Alexandre Silveira
Ex-secretário estadual de Saúde de Minas Gerais e suplente ao Senado Federal
A pandemia que resultou da infecção pelo novo coronavírus já impactou milhões de pessoas em todo o mundo, com centenas de milhares de mortes. Contudo, ela pode deixar um saldo ainda mais trágico se as pessoas, movidas pelo pânico de contaminação pelo vírus, deixarem, por exemplo, de se vacinar contra outras doenças, interromper tratamentos ou se negar a fazer exames preventivos e de diagnóstico.
As sociedades médicas alertam que, se não houver uma conscientização sobre essa questão, o Brasil poderá ter uma onda de casos de pacientes com doenças em estágios mais graves e que poderiam ter sido evitados se o diagnóstico tivesse ocorrido em tempo hábil.

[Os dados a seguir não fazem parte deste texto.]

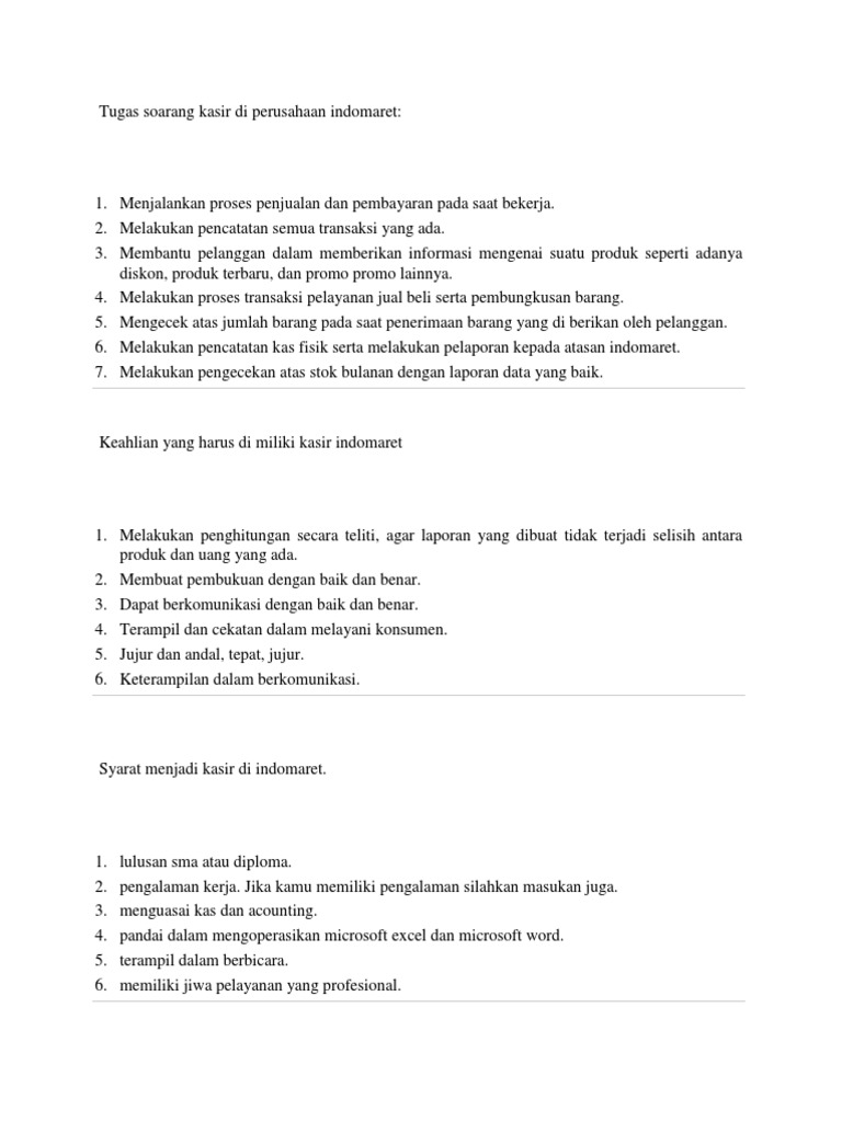 Tugas Soarang Kasir Di Perusahaan Indomaret Pdf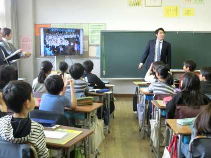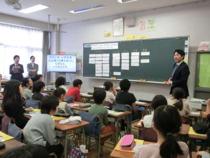 本日5校時に、東京学芸大学准教授の佐藤善人先生をお招きして、4年生が研究授業を行いました。GLOBALスクールとしての研究で、オリンピック・パラリンピック部会が提案する授業でした。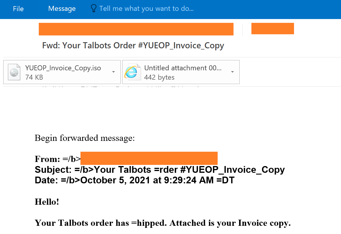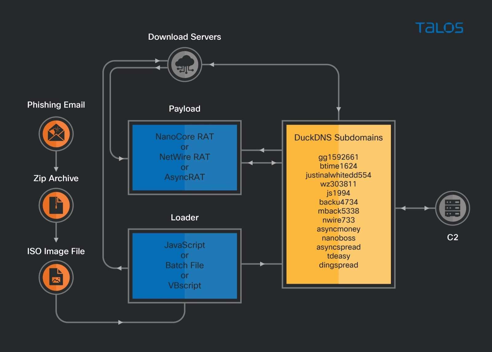Fuera de la dificultad de detectar a los agresores, el método de infección es bastante sofisticado. Talos explicó que el vector inicial de infección suele ser un correo phishing con un archivo ZIP malicioso adjunto. El ZIP contiene una imagen ISO con un loader JavaScrip, un archivo batch de Windows o un script en Visual Basic. Cuando alguno de estos scripts es ejecutado se conecta a un servidor en la nube para descargar la siguiente instancia: el malware RAT.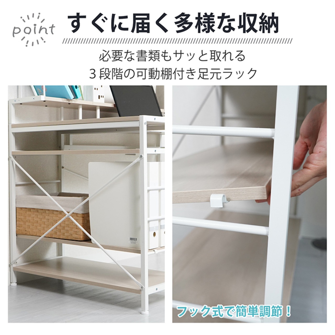■すぐに手が届く、デスク下のラック付き。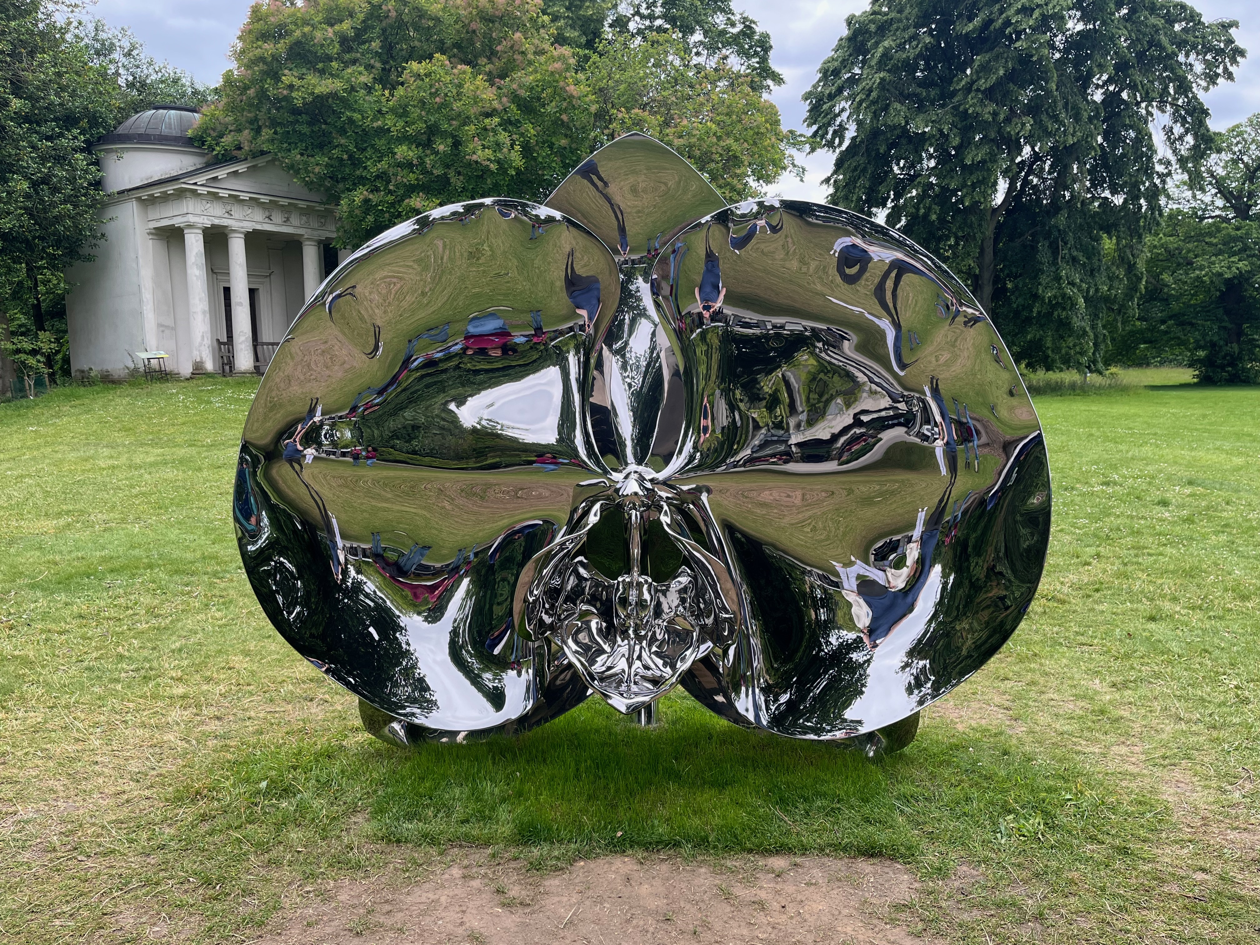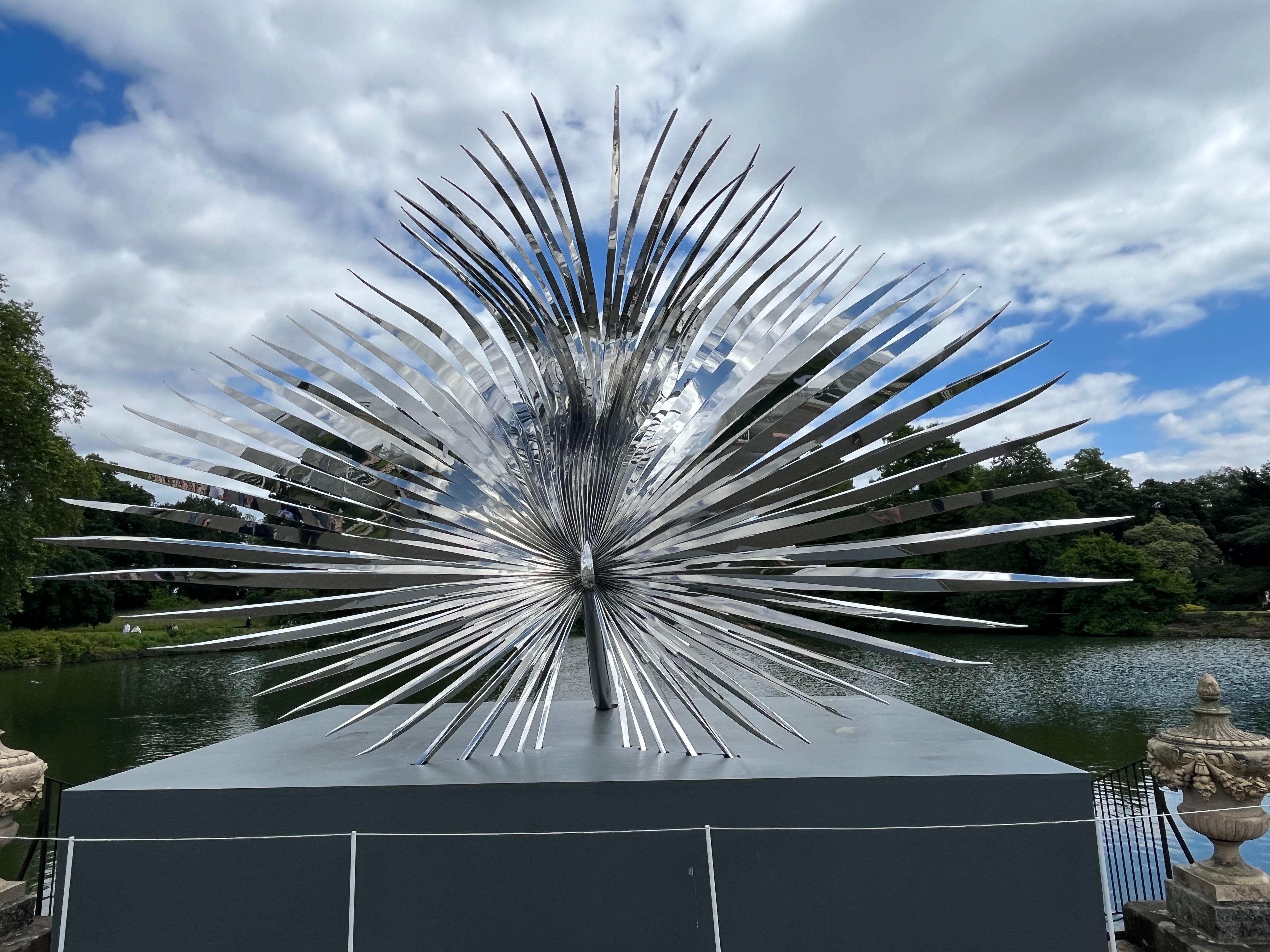 Indeed, there was quite a variety for us on this hour-long tour. For a start, we got to feel a couple of the large reflective stainless steel sculptures that form part of Marc Quinn’s Light Into Life series throughout the park. We looked at two of his artworks based on orchids, while a couple of others I had seen earlier in the day were related to palm trees with their spike-shaped leaves.

Desde o início da pandemia, segundo os especialistas brasileiros, houve uma redução em pelo menos 50% no número de biópsias enviadas para análise, porque os pacientes optaram por não comparecer aos procedimentos para a coleta da amostra. Pela mesma razão, houve uma redução em 49% no número de mamografias de rastreamento e de 26% no de mamografias de diagnóstico de câncer de mama, comparando números de 2020 e 2019. Isso também ocorreu com a realização de exames de patologia clínica, com queda de 90%, de 36% nas colonoscopias para diagnóstico de câncer de intestino, e quase 70% na realização de cirurgias oncológicas. É absolutamente incrível saber que quase 6% dos pacientes do Sistema Único de Saúde interromperam os tratamentos de quimioterapia ou radioterapia contra diversos tipos de câncer, unicamente por receio de se contaminarem com a COVID-19, conforme dados divulgados pelo Instituto Nacional do Câncer (Inca) e pelo Radar do Câncer.
Postergar a prevenção e o diagnóstico de doenças graves, ou mesmo negligenciar o acompanhamento de doenças crônicas como o diabetes, hipertensão, problemas com a visão ou cardiológicos, pode comprometer a assistência dos próprios familiares aos doentes, com quadros mais graves e com possibilidade de um tratamento mais longo e difícil.
A pandemia não pode ser uma desculpa para deixar de cuidar da saúde. O Inca recomenda que, ao visitar clínicas e hospitais, os pacientes oncológicos sejam acompanhados por uma única pessoa, preferencialmente com menos de 60 anos de idade e que permaneçam somente o tempo necessário em clínicas e hospitais, evitando o contato físico direto, mesmo com médicos ou equipes de saúde. Tudo isso é importante, além do que já se sabe sobre a prevenção, como o uso de máscaras e a lavagem adequada das mãos, a higienização dos medicamentos e a limpeza da residência. A pandemia vai passar, mas os cuidados com saúde precisam ser permanentes.